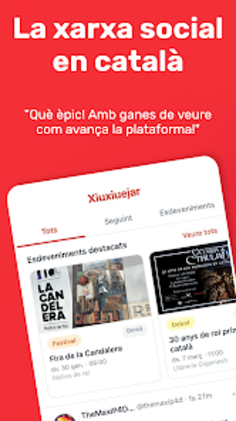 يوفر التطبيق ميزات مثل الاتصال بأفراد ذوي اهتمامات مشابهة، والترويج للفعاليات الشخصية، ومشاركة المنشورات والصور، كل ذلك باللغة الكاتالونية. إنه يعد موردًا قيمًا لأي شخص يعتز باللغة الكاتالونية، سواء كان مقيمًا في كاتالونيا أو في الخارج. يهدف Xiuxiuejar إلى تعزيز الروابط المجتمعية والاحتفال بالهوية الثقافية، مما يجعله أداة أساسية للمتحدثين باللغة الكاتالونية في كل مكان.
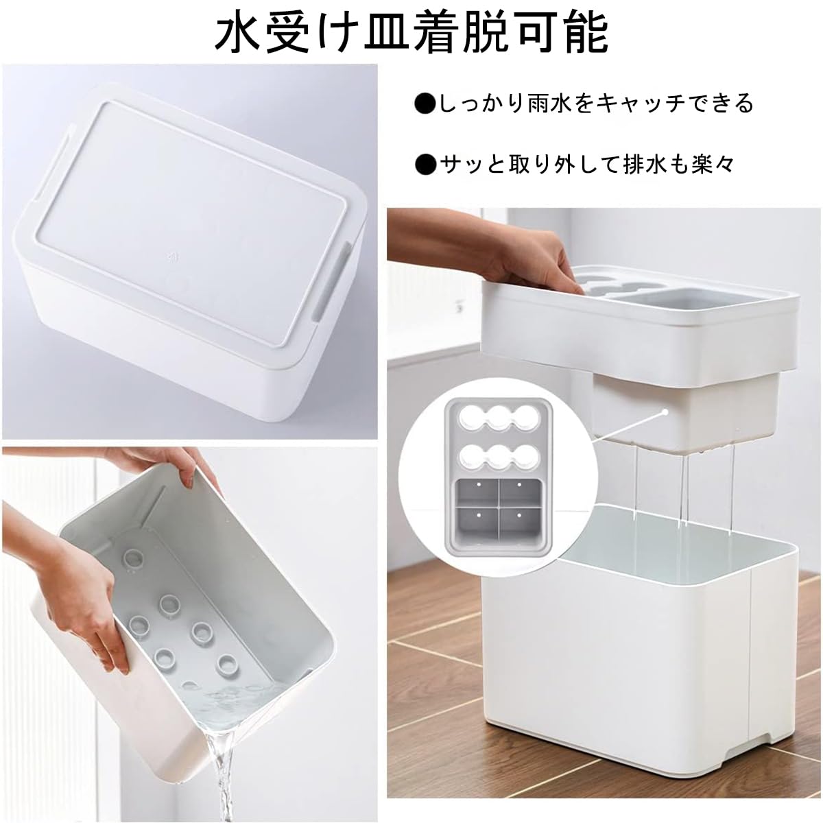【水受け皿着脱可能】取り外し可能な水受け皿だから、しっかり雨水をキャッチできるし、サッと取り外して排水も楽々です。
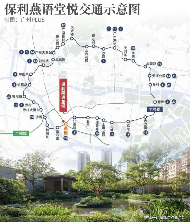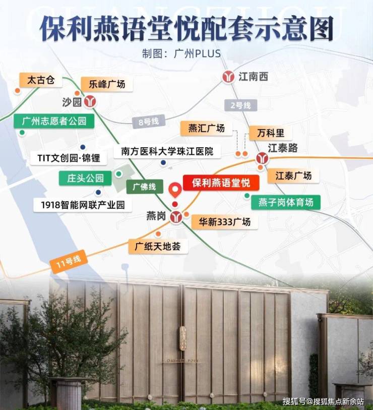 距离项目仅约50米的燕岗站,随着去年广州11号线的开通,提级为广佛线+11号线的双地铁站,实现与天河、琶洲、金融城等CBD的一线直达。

* * *

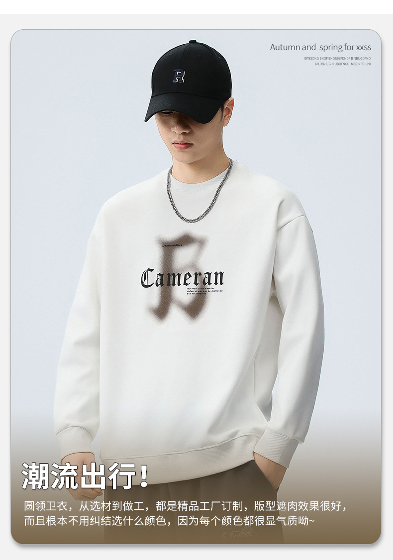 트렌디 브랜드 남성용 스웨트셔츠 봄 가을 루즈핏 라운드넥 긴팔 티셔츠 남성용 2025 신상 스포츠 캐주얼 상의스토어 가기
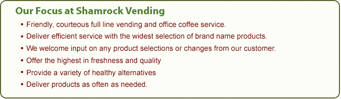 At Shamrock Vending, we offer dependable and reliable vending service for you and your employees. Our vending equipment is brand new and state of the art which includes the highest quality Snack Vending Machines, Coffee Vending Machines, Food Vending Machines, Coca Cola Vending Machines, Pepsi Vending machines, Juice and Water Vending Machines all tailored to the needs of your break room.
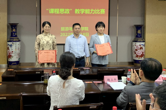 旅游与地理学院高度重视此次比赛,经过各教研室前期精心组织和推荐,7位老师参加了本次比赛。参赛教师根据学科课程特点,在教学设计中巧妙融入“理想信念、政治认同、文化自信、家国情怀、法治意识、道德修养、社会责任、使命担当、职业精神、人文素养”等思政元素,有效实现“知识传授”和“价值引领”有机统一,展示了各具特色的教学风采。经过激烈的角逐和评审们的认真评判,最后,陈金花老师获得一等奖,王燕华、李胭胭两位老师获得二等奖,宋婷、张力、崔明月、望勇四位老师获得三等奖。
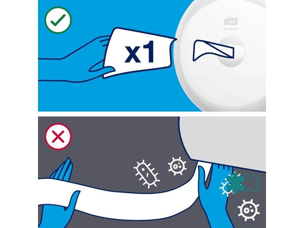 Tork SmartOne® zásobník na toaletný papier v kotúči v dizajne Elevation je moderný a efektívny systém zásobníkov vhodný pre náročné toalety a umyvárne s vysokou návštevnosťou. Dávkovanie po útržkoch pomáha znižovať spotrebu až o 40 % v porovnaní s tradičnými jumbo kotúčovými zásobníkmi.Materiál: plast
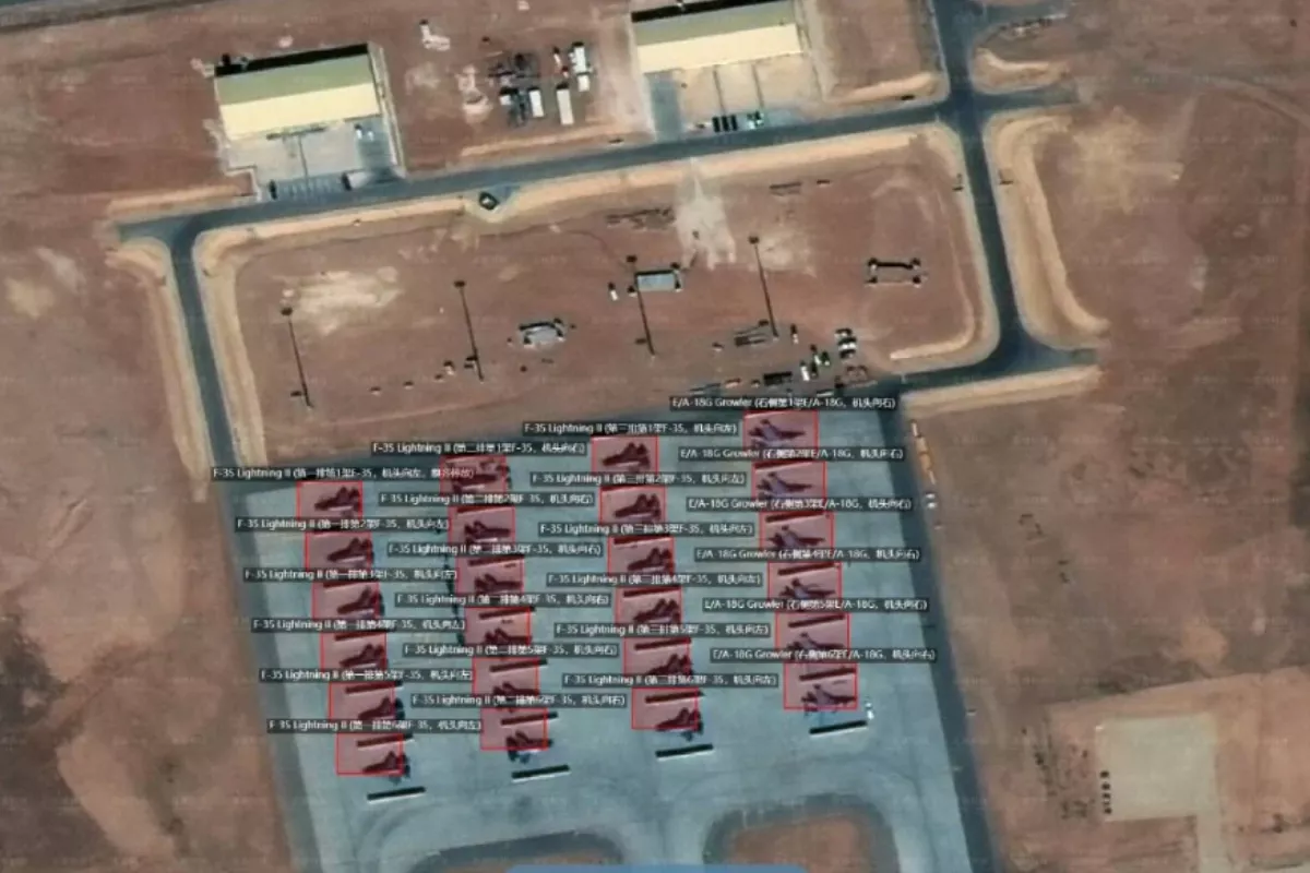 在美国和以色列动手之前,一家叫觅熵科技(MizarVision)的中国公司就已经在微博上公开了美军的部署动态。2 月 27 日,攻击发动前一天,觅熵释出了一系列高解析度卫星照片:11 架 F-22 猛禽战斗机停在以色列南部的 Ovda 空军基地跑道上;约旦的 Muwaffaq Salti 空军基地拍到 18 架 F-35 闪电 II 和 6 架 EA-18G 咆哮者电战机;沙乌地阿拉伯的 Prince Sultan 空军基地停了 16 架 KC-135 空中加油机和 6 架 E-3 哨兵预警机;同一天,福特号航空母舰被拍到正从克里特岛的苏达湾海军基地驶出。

* * *

=== Work to complete ===
Return exactly the lines of the material above, starting at the line containing "يوفر التطبيق ميزات" and finishing at the line containing "距离项目仅约50米的燕岗站,随着去年广州", without any pictures.

=== Answer ===
 يوفر التطبيق ميزات مثل الاتصال بأفراد ذوي اهتمامات مشابهة، والترويج للفعاليات الشخصية، ومشاركة المنشورات والصور، كل ذلك باللغة الكاتالونية. إنه يعد موردًا قيمًا لأي شخص يعتز باللغة الكاتالونية، سواء كان مقيمًا في كاتالونيا أو في الخارج. يهدف Xiuxiuejar إلى تعزيز الروابط المجتمعية والاحتفال بالهوية الثقافية، مما يجعله أداة أساسية للمتحدثين باللغة الكاتالونية في كل مكان.
【水受け皿着脱可能】取り外し可能な水受け皿だから、しっかり雨水をキャッチできるし、サッと取り外して排水も楽々です。
 距离项目仅约50米的燕岗站,随着去年广州11号线的开通,提级为广佛线+11号线的双地铁站,实现与天河、琶洲、金融城等CBD的一线直达。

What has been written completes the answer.